Patch Moogsoft Enterprise RPM

This topic describes how to patch an RPM-based distribution of Moogsoft Enterprise to v8.1.0 from any v8.0.0.x version.

Warning

  • The upgrade path from v8.0.x to v8.1.0 onwards (any pre v8.1 release going to any post v8.1 release) requires a 'full stop' upgrade of any running RabbitMQ clusters due to incompatibilities between the old (v3.7.4) and the new versions of Rabbit preventing a 'rolling upgrade'.

    All rabbit nodes will need to be stopped before their binaries are upgraded, and then they must be brought back up in the right order. This means there will be a window of time during the upgrade where RabbitMQ cannot be used to store events. Further upgrade details are in the relevant step below.

    The version of RabbitMQ being upgraded to in this release supports rolling upgrades, so future upgrades should be less disruptive

  1. Ensure the patch RPMs are available to each server being patched:

    • For internet-connected hosts, ensure there is a repo file under the /etc/yum.repos.d/ directory pointing to the 'speedy esr' yum repo.

      An example file is below:

      [moogsoft-aiops-80]
      name=moogsoft-aiops-80
      baseurl=https://<username>:<password>@speedy.moogsoft.com/repo/aiops/esr/
      enabled=1
      gpgcheck=0
      sslverify=false
    • For offline-hosts:

      1. Download the patch RPMs using the following commands (SPEEDY_USERNAME and SPEEDY_PASSWORD need to be set as environment variables before running this):

        PATCH_VERSION=8.1.0;
        INCIDENT_BUILD=119045;
        INTEGRATIONS_BUILD=119046;
        for PACKAGE in moogsoft-common-${PATCH_VERSION}-${INCIDENT_BUILD} moogsoft-integrations-${PATCH_VERSION}-${INTEGRATIONS_BUILD} moogsoft-mooms-${PATCH_VERSION}-${INCIDENT_BUILD} moogsoft-server-${PATCH_VERSION}-${INCIDENT_BUILD} moogsoft-utils-${PATCH_VERSION}-${INCIDENT_BUILD} moogsoft-db-${PATCH_VERSION}-${INCIDENT_BUILD} moogsoft-integrations-ui-${PATCH_VERSION}-${INTEGRATIONS_BUILD} moogsoft-search-${PATCH_VERSION}-${INCIDENT_BUILD} moogsoft-ui-${PATCH_VERSION}-${INCIDENT_BUILD};
        do
        	curl -L -O "https://${SPEEDY_USERNAME}:${SPEEDY_PASSWORD}@speedy.moogsoft.com/repo/aiops/esr/${PACKAGE}.rpm"
        done
      2. Copy the RPMs to all servers where the product is installed

  2. Optional GPG key validation of the RPMs to validate the installation files.

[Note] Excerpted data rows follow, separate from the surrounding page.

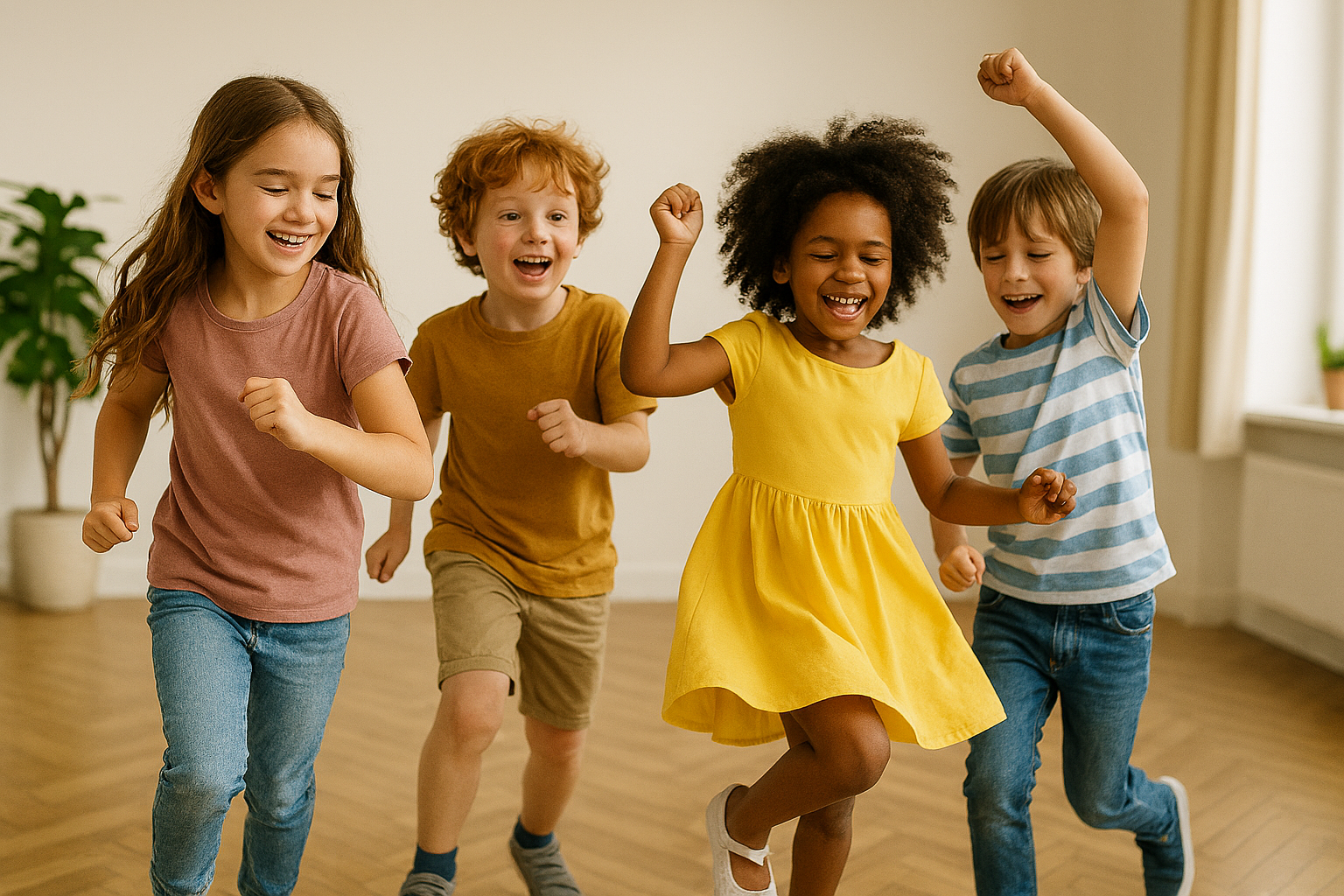 Hier geht es nicht um Perfektion, sondern um Freude an der Bewegung. Die Kinder toben, hüpfen, drehen sich und haben jede Menge Spaß miteinander.
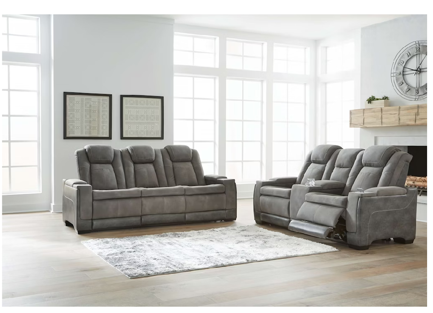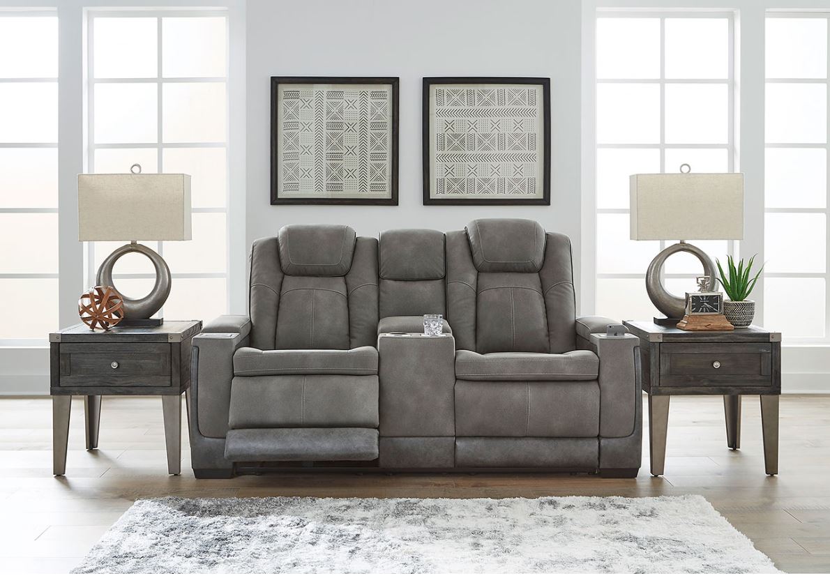 This sleek, ultra-modern Tyson Power Reclining Living Room Set has it all. With designer looks and head-to-toe comfort, the reclining sofa with a drop-down table has the upscale look of leather at a scaled-down faux leather price. Its two-tone Durapella upholstery is more durable and water-repellent than regular leather, an added bonus for families with children or pets. Features including wireless and USB charging, an adjustable headrest, and an extended "zero-gravity" ottoman for improved circulation make this the next generation of power recliners.
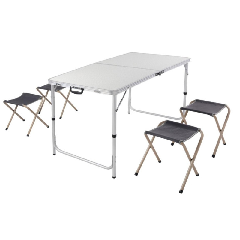 Характеристки:Тип изделия: стол с табуретамиМатериал столешницы: МДФМатериал каркаса дуг стола: алюминийДиаметр ножек стола (мм): 25Максимальная нагрузка (кг): ~ 20Размеры стола (см): 120х60Высота стола (см): 55-68Материал дуг каркаса табурета: алюминийРазмер табурета (мм): 280х310х340Диаметр ножек табурета (мм): 25Максимальная нагрузка на табурет (кг): 120Общий вес комплекта (кг): 7,7
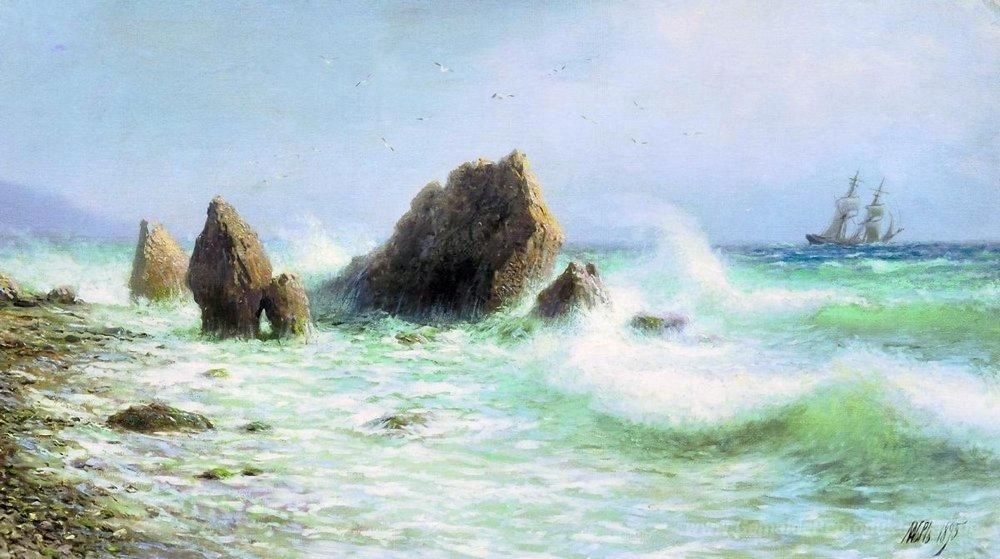Wir bieten Ihnen eine handgefertigte Reproduktion auf Leinwand des berühmten Kunstwerks 'Entlang der Küste Livadia' von Lev Lagorio, aus dem Reproduktionsmuseum.
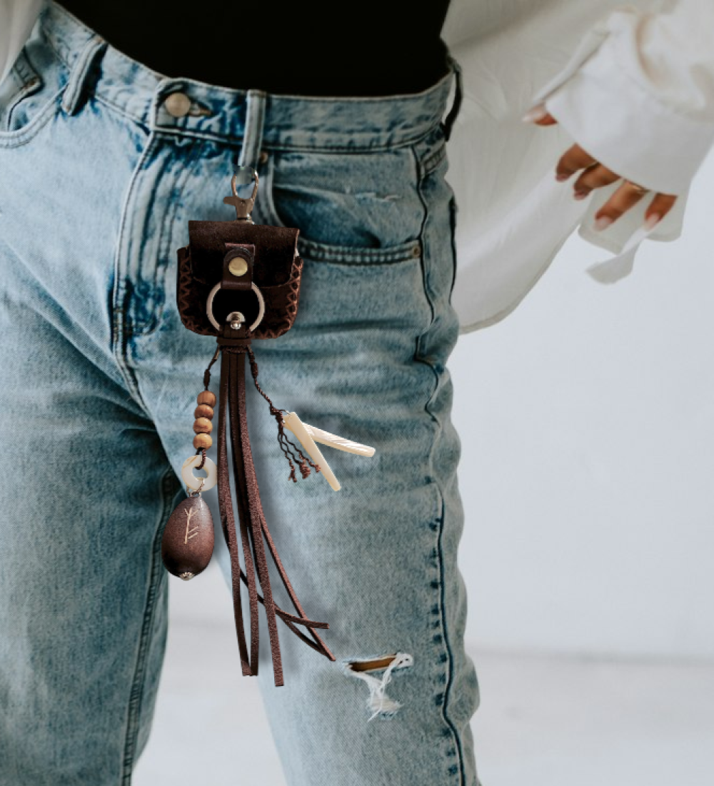 Pratique, vous pouvez l'accrocher en porte clé, sur un sac à main, au passant d'un pantalon ou en bandoulière (Lanière possible sur demande )
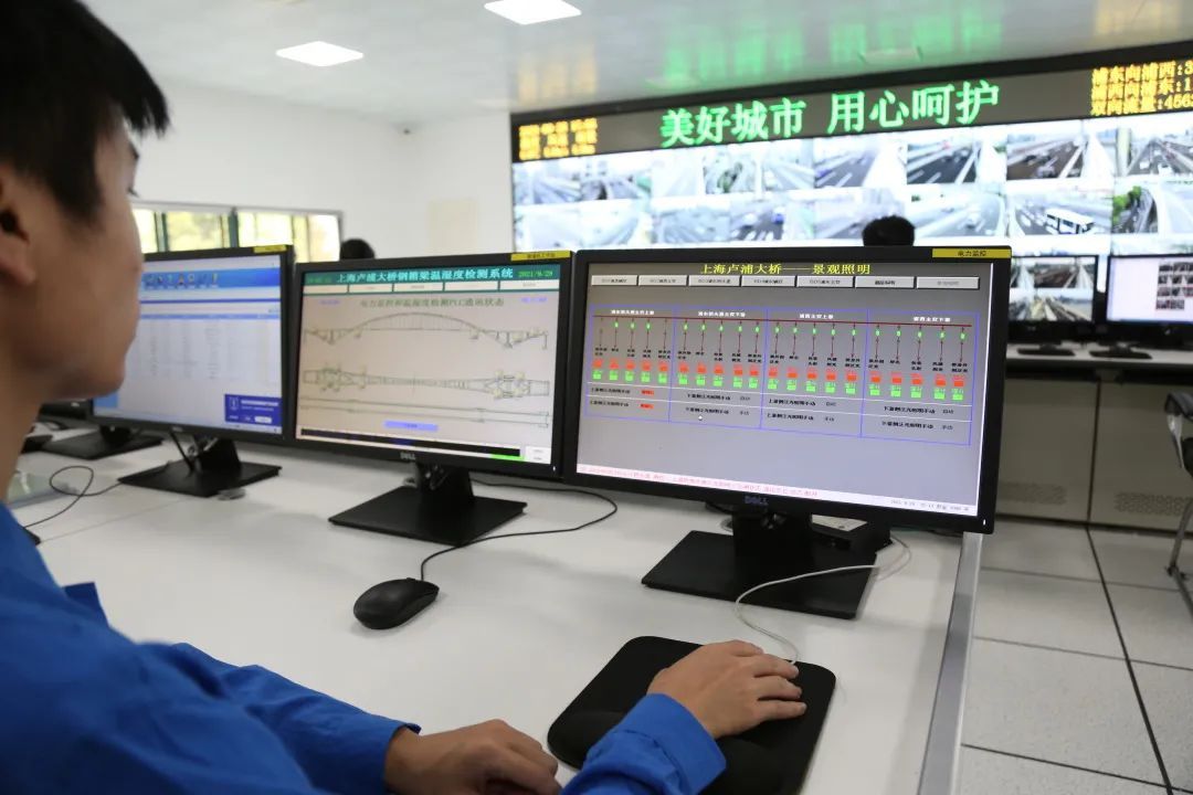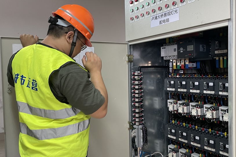 为做好国庆活动期间景观灯光的亮灯保障,在9月期间,运维人员在做好日常养护、巡视维修的基础上,还针对性开展了桥腹投影灯防腐预处理专项工作、控制电箱防坠安全升级工作、供电系统自切换检查工作、紧固件材质升级工作。同时,通过传感器实时监控外场机柜温湿度,利用信息化手段掌控灯光设施状态和故障原因等。

    • For servers without internet access (if server has internet access go to the next step):

      1. Download the key from this site:

        https://keys.openpgp.org/vks/v1/by-fingerprint/887B323F485F122FE923214FD01B4B4B6F379E7E
      2. Copy the key to the server onto which the RPMs or tarball will be installed (it will be an .asc file)

      3. Import the key:

        gpg --import 887B323F485F122FE923214FD01B4B4B6F379E7E
    • For servers with internet access, run the following command:

      curl https://keys.openpgp.org/vks/v1/by-fingerprint/887B323F485F122FE923214FD01B4B4B6F379E7E | gpg —import
      1. Download the patch RPMs and matching '.sig' files from the 'speedy' yum repository using a browser, providing speedy credentials when asked by the browser:

        https://speedy.moogsoft.com/repo/aiops/esr/x86_64/
    • Copy the patch RPMs and matching '.sig' files into the same folder (the example below assumes /tmp will be used)

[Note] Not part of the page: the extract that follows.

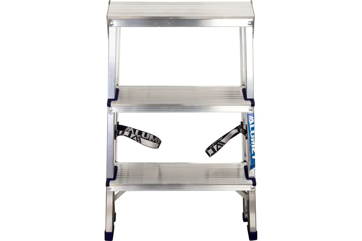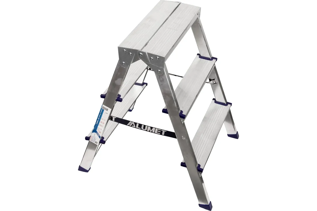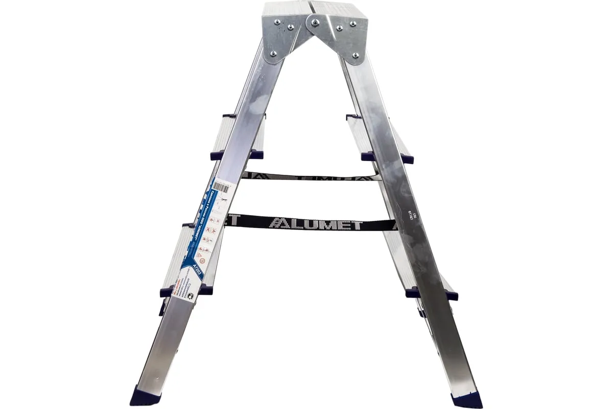 Стремянка алюминиевая двухсторонняя представляет собой свободностоящую переносную лестницу, сужающуюся к верху, имеющую две стороны для подъема на высоту.
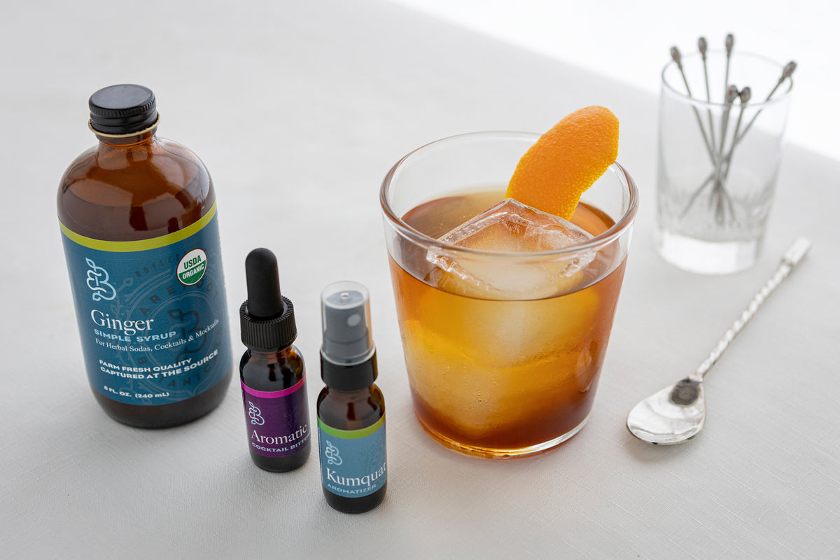 Our botanical extracts of Ginger, Aromatic Bitters, and Kumquat are combined with Revivalist Botanical Whiskey (or whiskey of your choice) and large format ice cube for a great Old Fashioned with a botanical twist

      Copy the following code into a bash terminal and run it to perform the validation:

      while read RPM
      do
          echo "Current RPM: $RPM"
          gpg --verify ${RPM}.sig ${RPM} 2>&1
      done < <(find /tmp -name '*.rpm');
    • Confirm that the command reports:

      Good signature from "Moogsoft <security@moogsoft.com>"
  3. FOR DEPLOYMENTS BEING UPGRADED FROM v8.0.0.5 OR EARLIER ONLY

    Update Percona to the latest version using the instructions here: Percona Cluster 5.7 RPM Minor Version Upgrade

  4. FOR DEPLOYMENTS BEING UPGRADED FROM v8.0.0.7 OR EARLIER ONLY

    RabbitMQ will be upgraded as part of this process and all nodes need to be stopped. The official RabbitMQ upgrade guidance is here: https://www.rabbitmq.com/upgrade.html#full-stop-upgrades

    From that link:

    • While not strictly necessary, it is a good idea to decide ahead of time which 'disc' node will be the upgrader, stop that node last, and start it first.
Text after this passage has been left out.